▸ WORK TO BE COMPLETED
Among the entries that follow, locate the line with "Fot. 3 Wspólny posiłek" and the line with "Entspannung für 1.". Output those lines and all lines in between, exactly, minus the pictures.

(Collected data)
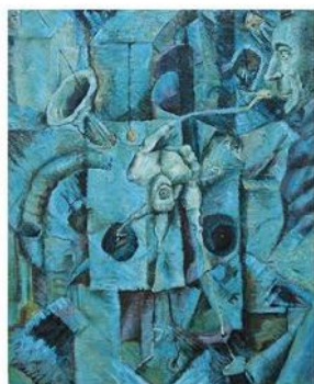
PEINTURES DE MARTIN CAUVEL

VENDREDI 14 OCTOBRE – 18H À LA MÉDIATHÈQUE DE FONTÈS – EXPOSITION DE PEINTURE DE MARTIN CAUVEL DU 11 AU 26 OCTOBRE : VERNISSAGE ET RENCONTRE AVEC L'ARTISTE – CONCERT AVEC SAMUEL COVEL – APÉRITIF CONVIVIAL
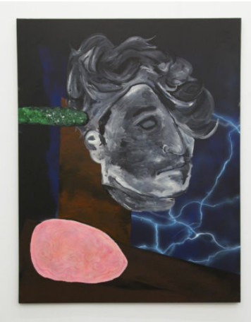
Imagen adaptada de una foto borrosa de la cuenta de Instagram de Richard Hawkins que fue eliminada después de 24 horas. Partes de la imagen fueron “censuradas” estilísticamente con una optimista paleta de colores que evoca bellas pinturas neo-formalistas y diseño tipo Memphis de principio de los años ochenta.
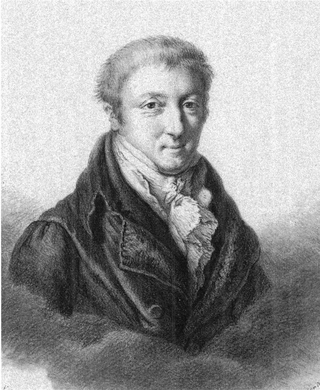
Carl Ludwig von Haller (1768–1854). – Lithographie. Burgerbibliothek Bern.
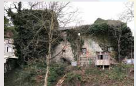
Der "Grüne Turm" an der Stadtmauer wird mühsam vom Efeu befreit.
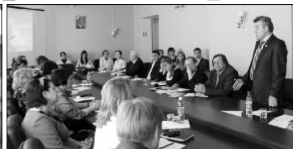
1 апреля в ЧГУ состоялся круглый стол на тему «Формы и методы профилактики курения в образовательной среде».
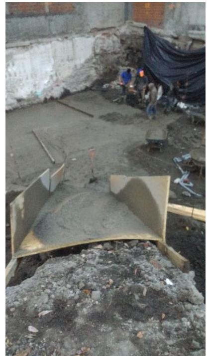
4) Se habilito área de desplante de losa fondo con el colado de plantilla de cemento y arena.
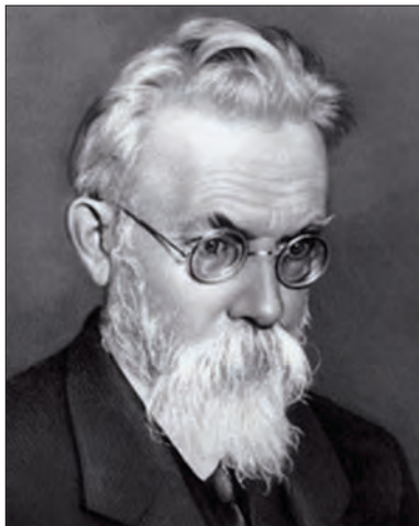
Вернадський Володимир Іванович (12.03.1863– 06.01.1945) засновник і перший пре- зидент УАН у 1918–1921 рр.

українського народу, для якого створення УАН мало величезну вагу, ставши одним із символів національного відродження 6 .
--
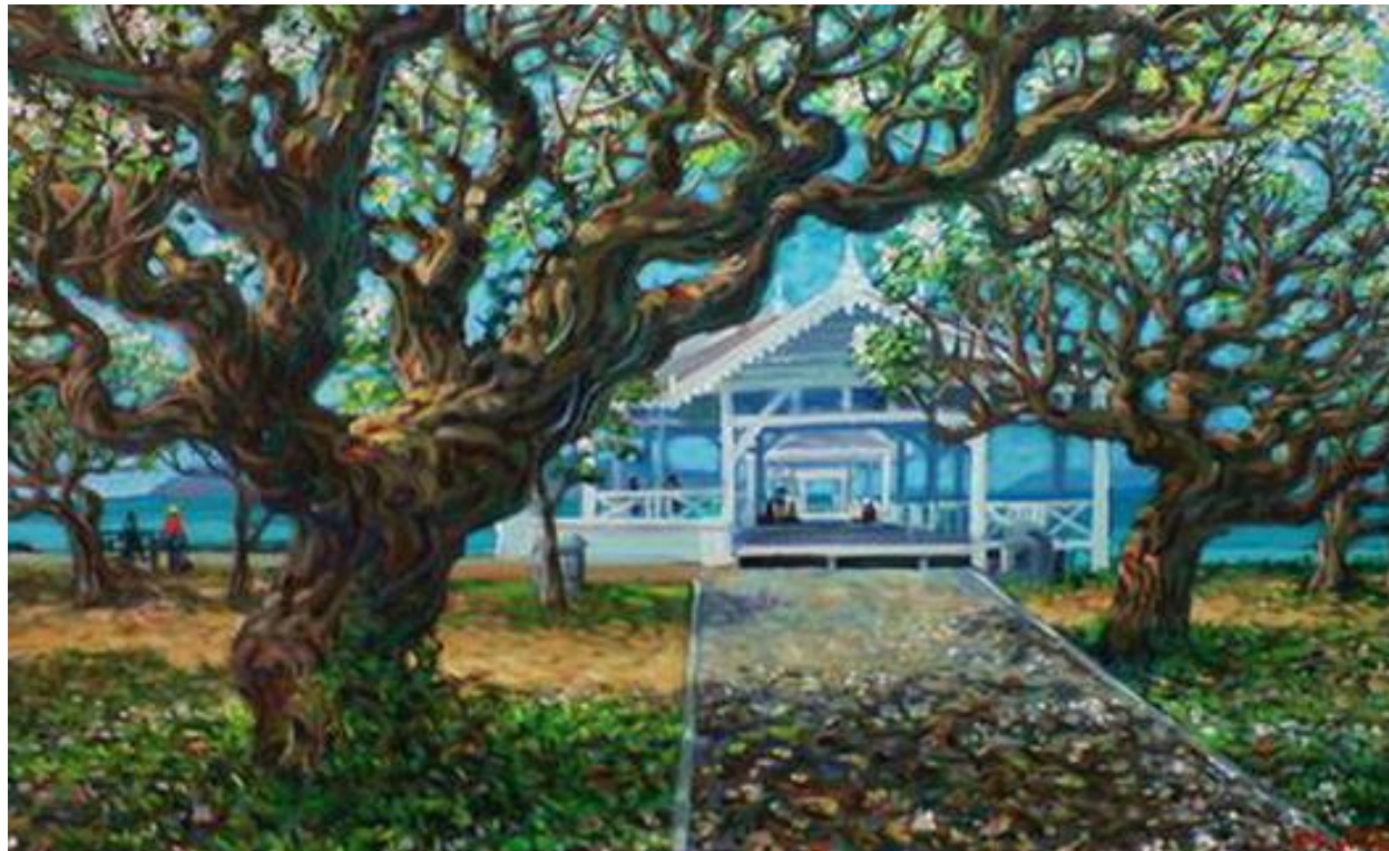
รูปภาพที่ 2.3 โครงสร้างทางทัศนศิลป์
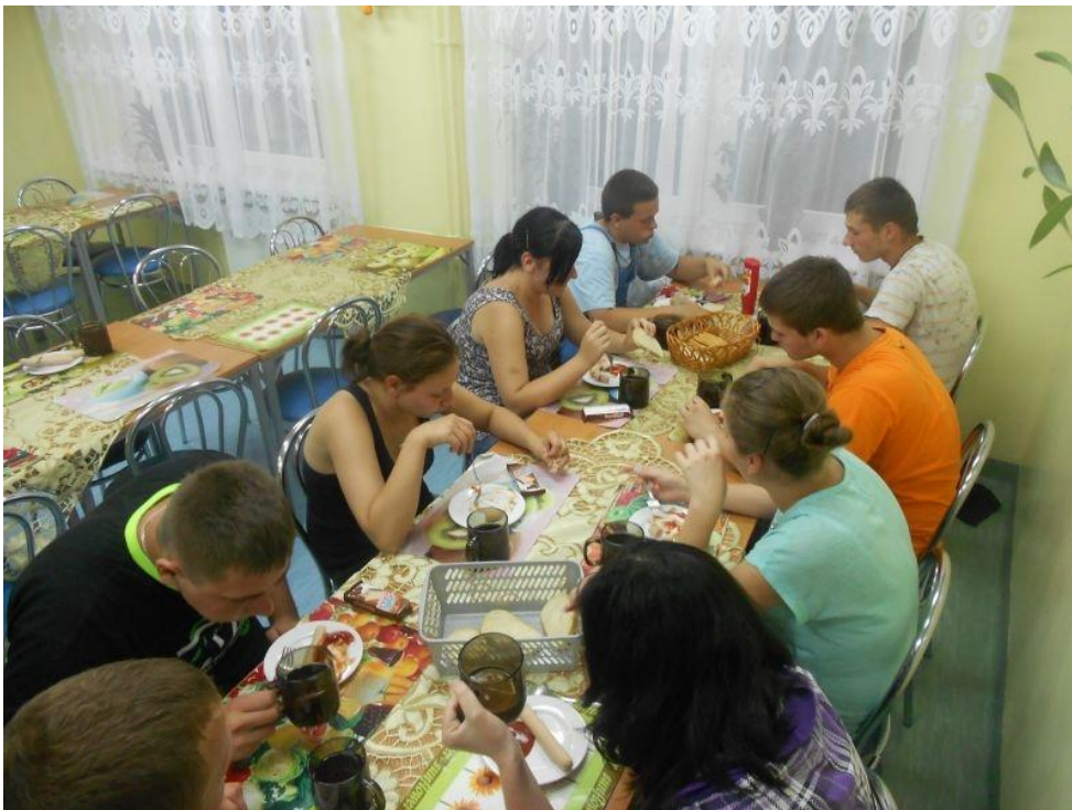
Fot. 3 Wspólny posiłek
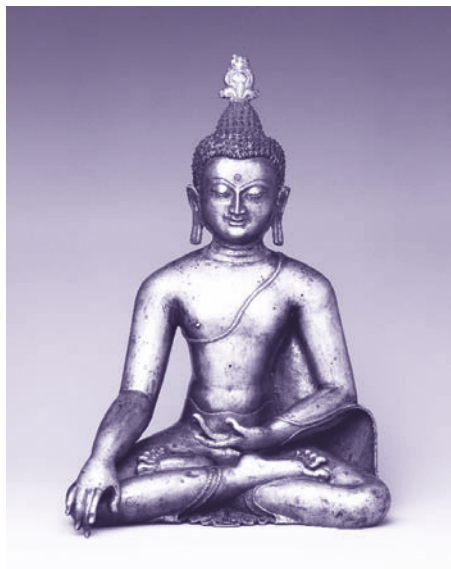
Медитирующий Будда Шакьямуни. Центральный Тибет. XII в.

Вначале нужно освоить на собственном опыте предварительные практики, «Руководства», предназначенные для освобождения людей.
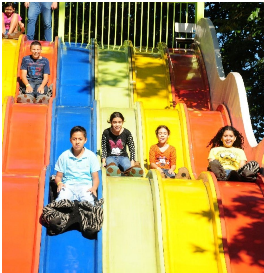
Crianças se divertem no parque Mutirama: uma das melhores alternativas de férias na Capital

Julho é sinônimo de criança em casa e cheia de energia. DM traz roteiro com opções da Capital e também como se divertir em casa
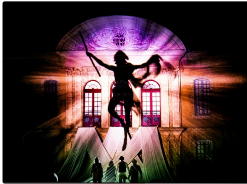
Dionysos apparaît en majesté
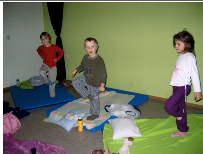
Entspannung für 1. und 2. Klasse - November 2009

▸ RESULT OF THE TASK
Fot. 3 Wspólny posiłek
Медитирующий Будда Шакьямуни. Центральный Тибет. XII в.

Вначале нужно освоить на собственном опыте предварительные практики, «Руководства», предназначенные для освобождения людей.
Crianças se divertem no parque Mutirama: uma das melhores alternativas de férias na Capital

Julho é sinônimo de criança em casa e cheia de energia. DM traz roteiro com opções da Capital e também como se divertir em casa
Dionysos apparaît en majesté
Entspannung für 1. und 2. Klasse - November 2009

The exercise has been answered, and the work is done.